» **WHAT IS BEING ASKED**
Retype the listing exactly. Leave out the images.

** Opening DATASET EXCERPT block **

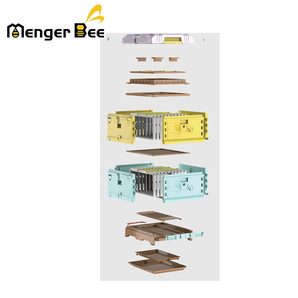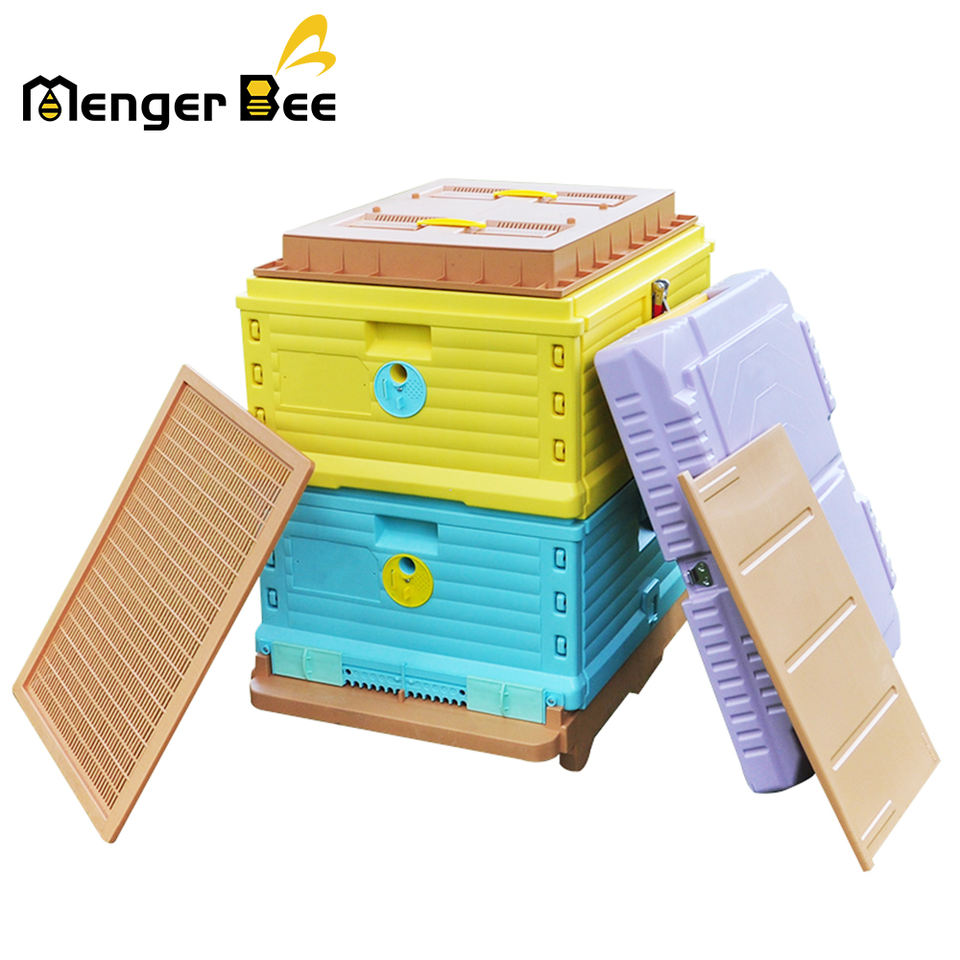 กล่องเลี้ยงผึ้งแบบ Langstroth สองชั้น สีสันสดใส ผลิตจาก HDPE เกรดอาหาร สำหรับฟาร์มผึ้ง 10 เฟรม รับประกัน 2 ปี
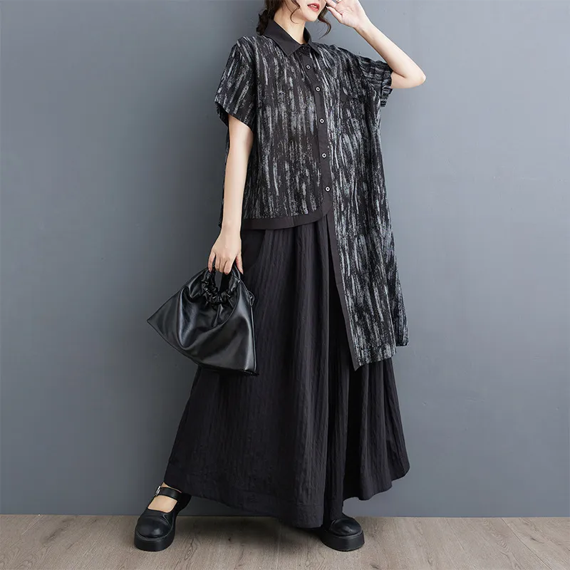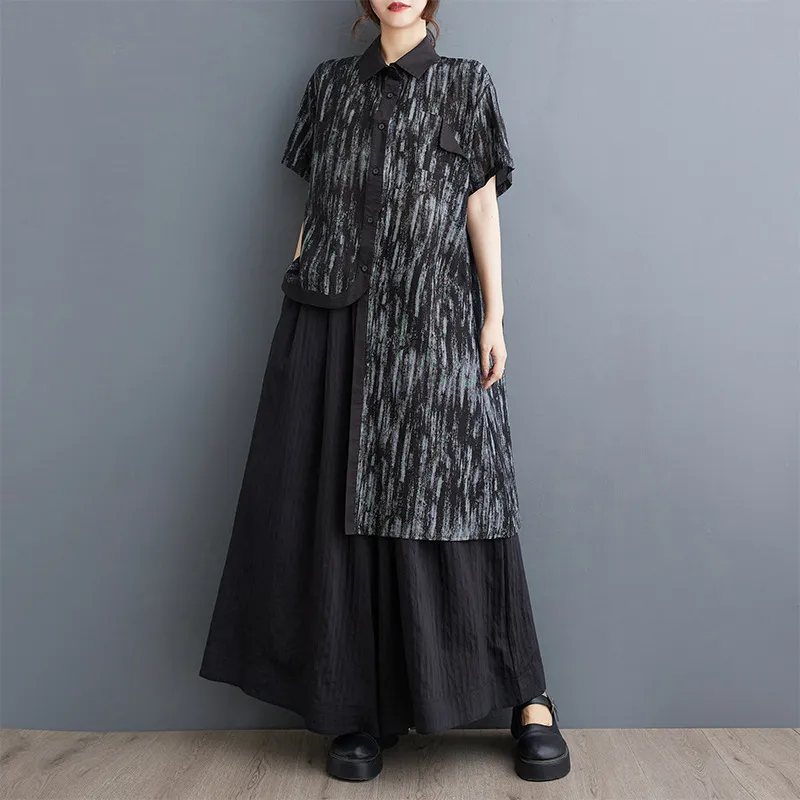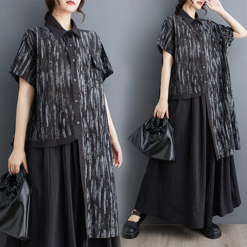 衣都精品- 新款不規則寬鬆中長款時尚印花上衣
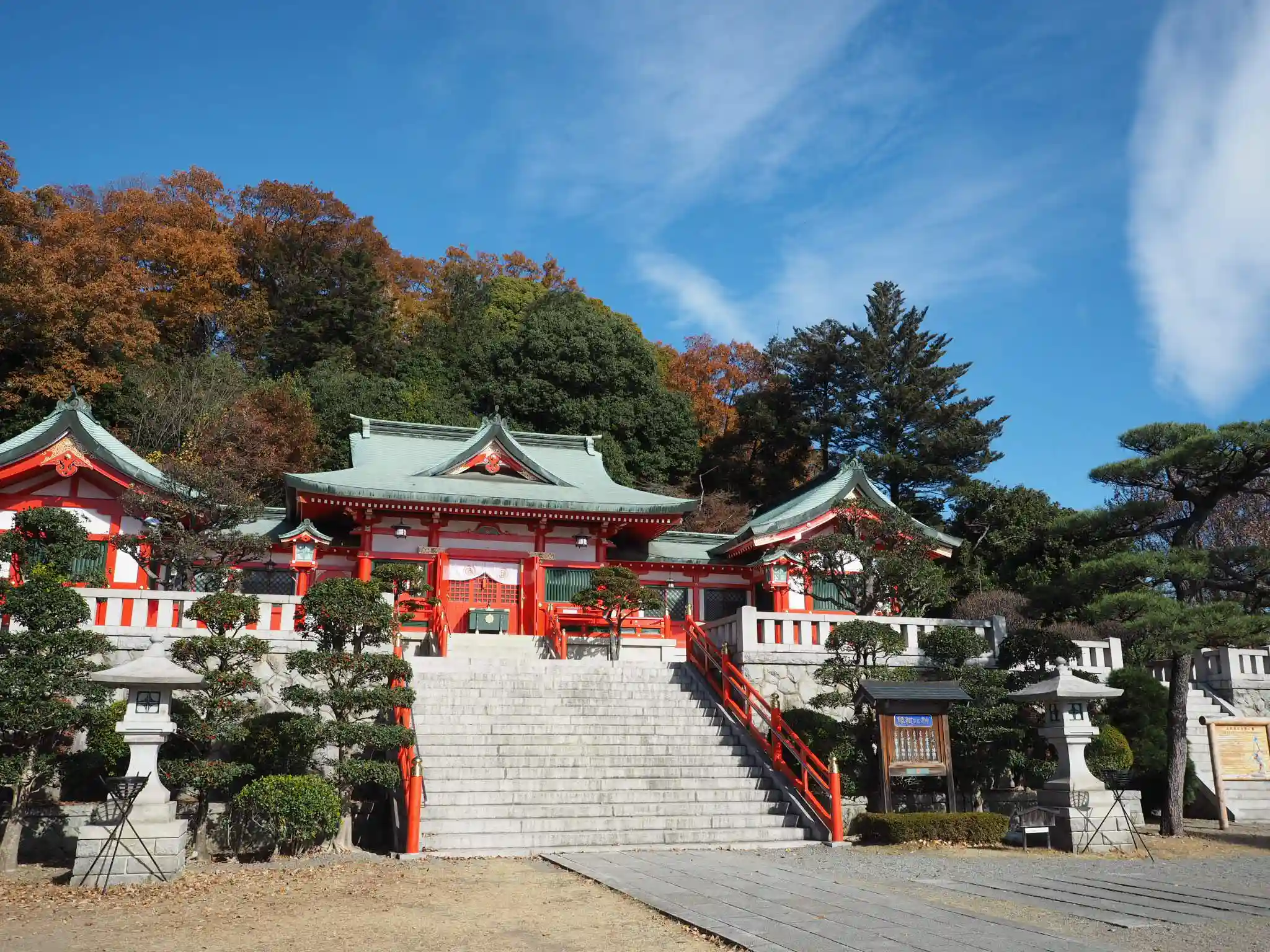 ちょうど紅葉の時期だったので、真っ青な空に真っ赤な社殿と真っ赤な紅葉が映えて🍁とっても美しく、

** Closing DATASET EXCERPT block **

» **ANSWER BOX**
 กล่องเลี้ยงผึ้งแบบ Langstroth สองชั้น สีสันสดใส ผลิตจาก HDPE เกรดอาหาร สำหรับฟาร์มผึ้ง 10 เฟรม รับประกัน 2 ปี
 衣都精品- 新款不規則寬鬆中長款時尚印花上衣
 ちょうど紅葉の時期だったので、真っ青な空に真っ赤な社殿と真っ赤な紅葉が映えて🍁とっても美しく、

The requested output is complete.